For an ordinary user, the only 'easy' way a user can verify the claimed behaviour is to literally go offline.
Browsers do not currently have badge to verify that the app is not sending any data. I'm thinking how we were brought to trust the padlock icon browsers display for TLS supporting sites.
Something I still miss is a free and easy PDF tool which lets you delete, reorder and add pages from multiple PDFs. On Windows there is just Xodo but its UX is unfortunately subpar and on macOS you have Preview where the UI is better but once you have multiple PDFs from where you get the pages it can get confusing.

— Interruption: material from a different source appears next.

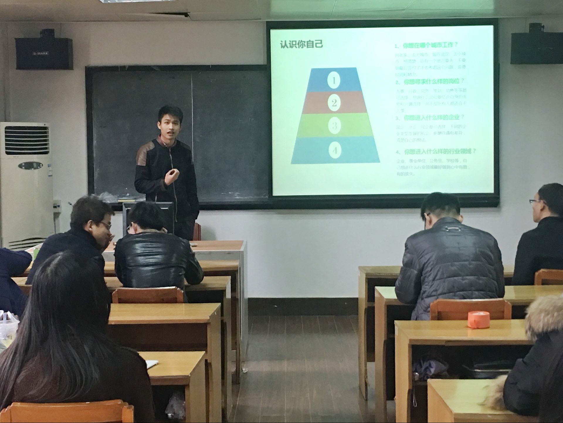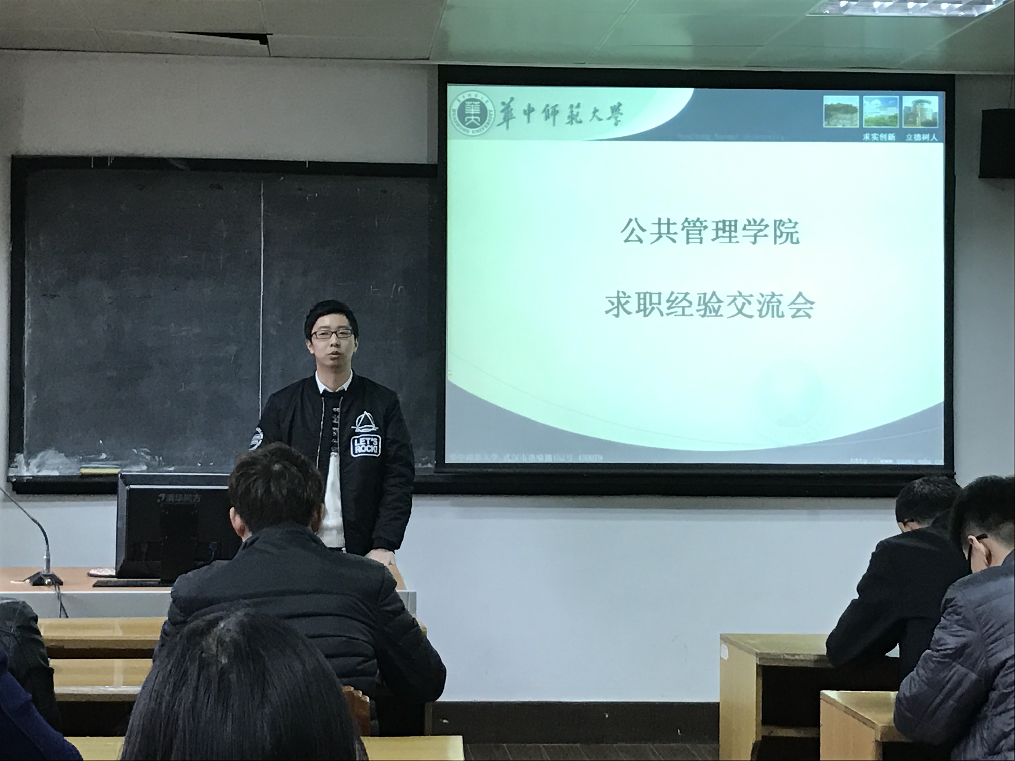 银娱GEG优越会研究生讯(通讯员:熊梦莹) 3月13日上午9时,我院学术部在管院419教室举办了一场求职经验交流会,并邀请了李双、余海强、童志阳、谭兴、岳翠朋等五位研三学长同大家分享交流求职经验。研究生辅导员魏寅出席本次交流会并发表讲话,他希望同学们把握这次宝贵的交流机会收获求职知识。

pdftk is by far my favourite for this too. It's quite fast but it does run into some file size problems when merging files as it doesn't deduplicate resources, and can crash outright on some bigger files.
JavaScript apis for browsers can do a lot now. It’s great! I built something similar recently with Mozilla’s PDF library. It’s for diffing PDFs but everything happens locally. https://parepdf.com
Sweet, when I discovered the Mozilla PDF.js I thought client side manipulation of PDFs would be a breeze.
I built a tool that required to count the number of pages of a PDF (ca. 2014-2015). At the time server side counting was the 'sure' way in my brief research.
This is a nice usecase for pdfcpu.
If you are pdftk user give the pdfcpu CLI a spin.
It is multi platform and has some nice features baked in.
https://pdfcpu.io/
- https://shreevatsa.net/pdf-pages/ is for extracting pages, inserting blank pages, duplicating or reversing pages, etc.
- https://shreevatsa.net/pdf-unspread/ is for splitting a PDF's "wide" pages (consisting of two-page spreads) in the middle.
- https://shreevatsa.net/mobius-print/ is the earliest of these, and written for a niche use-case: "Möbius printing" of pages, which is printing out an article/paper two-sided in a really interesting order. (I've tried it and love it.)
These don't use WebAssembly, but just use the excellent "pdf-lib" JS library. To keep the file self-contained, I put the whole minified source into a <script> tag at the bottom of the (otherwise hand-written) HTML file.